Ms Herelle’s claim was for an order for specific performance, general damages for discomfort, distress and inconvenience, and a substantial special damages claim, principally for clothing, footwear, furnishing and other items damaged by damp and mould or by the odour. SLFHA had pleaded limitation, so the claim was limited to the period from February 2003.
At trial, in an extempore judgment, HHJ Welchman accepted the expert’s reports and oral evidence and Ms Herelle’s evidence. It was common ground that, following Quick v Taff Ely BC, there was no liability for condensation per se on SLFHA’s part. However, despite the expert’s evidence that condensation levels across the property had been exacerbated by the damp penetration, HHJ Welchman found that the Defendant’s liability was wholly limited to the areas of damp penetration due to the defective damp proof course; being the kitchen, bathroom and hallway, and any exacerbation of condensation in those specific areas only.

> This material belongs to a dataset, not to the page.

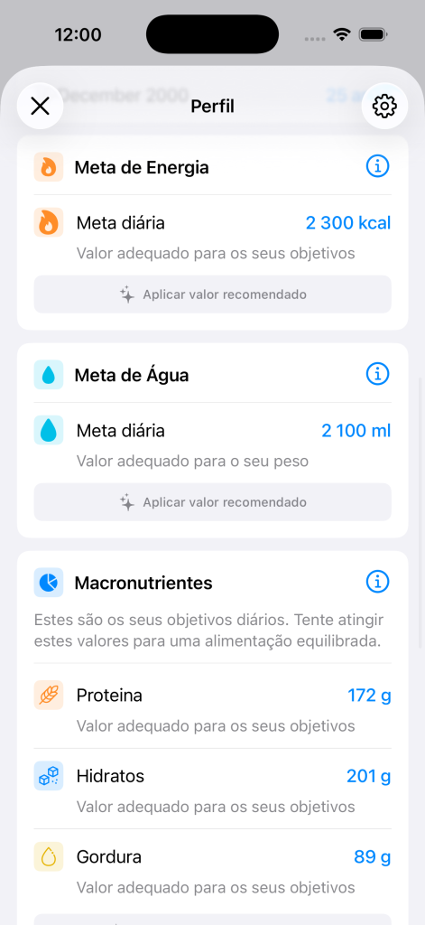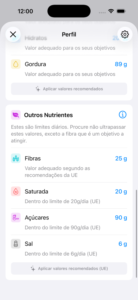 Após configurar o perfil, a app sugere valores recomendados com base em fórmulas científicas e referências europeias.

As the Claimant’s belongings which had suffered damage were largely kept in the bedroom and living room, SLFHA were not liable for that damage. There was accordingly no award for special damages.

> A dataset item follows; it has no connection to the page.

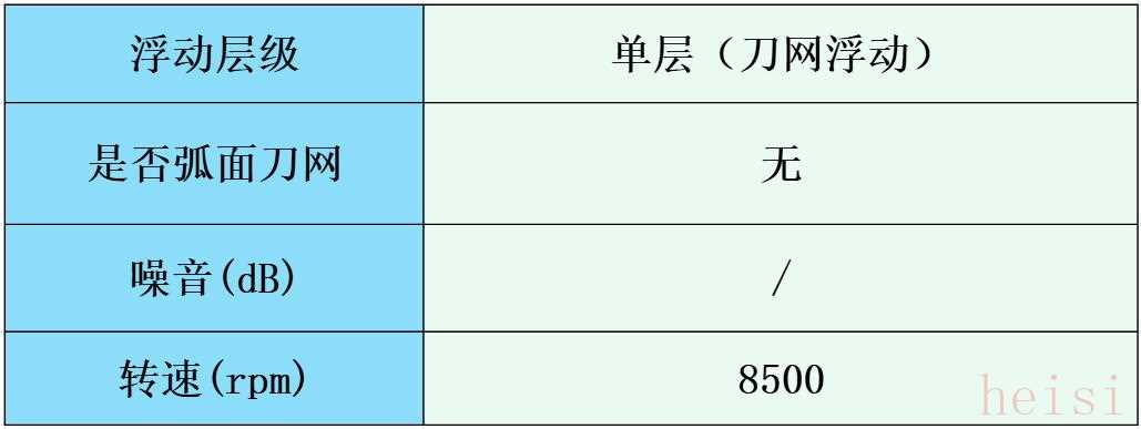 它轉(zhuǎn)速約 7000 轉(zhuǎn),動力中規(guī)中矩,更適配對性能要求不高的用戶;但優(yōu)勢在于雙環(huán)超速刀網(wǎng)設(shè)計,能提升剃須效率、縮短耗時,搭配獨立浮動刀頭,可緊密貼合面部輪廓,實現(xiàn)干凈利落的剃須效果。

The judgment further did not mention the Claimant’s assertion that plaster throughout the property was or had been defective due to being damp and mouldy and therefore fell under the repairing covenant. There was likewise no mention of the defective windows.
An order for specific performance was made in respect of the damp proofing works as set out in the SJE’s report, estimated to cost some £17,000, with temporary accommodation to be provided for the Claimant for the duration.
On quantum for general damages, Ms Herelle had argued for assessment on the basis of a nominal reduction in rent, assessed as a percentage, following Niazi Services Ltd v Van der Loo [2004] EWCA Civ 53, and English Churches v Shine [2004] EWCA Civ 434, or, if the Court disagreed, then on the basis of the Wallace v Manchester 30 HLR 1111 ‘unofficial tariff’. The average rent for the period of the claim was £3,495 per annum.
The Court awarded general damages of £5,000 for the whole period of the claim, some 6.5 years, (which amounts to £769 pa, 22.6% of the average rent). The extempore judgment did not explain the basis on which this amount had been arrived at.
On costs, the Defendant argued for no order as the Claimant had not succeeded on her sizeable special damages claim. The Court did not accept this but awarded the Claimant two thirds of her costs, excepting the previous costs orders in her favour, in view of the time likely to have been spent on the special damages claim.
We understand that Ms Herelle has applied for permission to appeal to the High Court, so we may get a High Court disrepair quantum case soon.
Thanks to Anthony Gold and Counsel Victoria Osler for the information about the case.
We have been informed that Ms Herelle has now been granted permission to appeal on the ground of new evidence.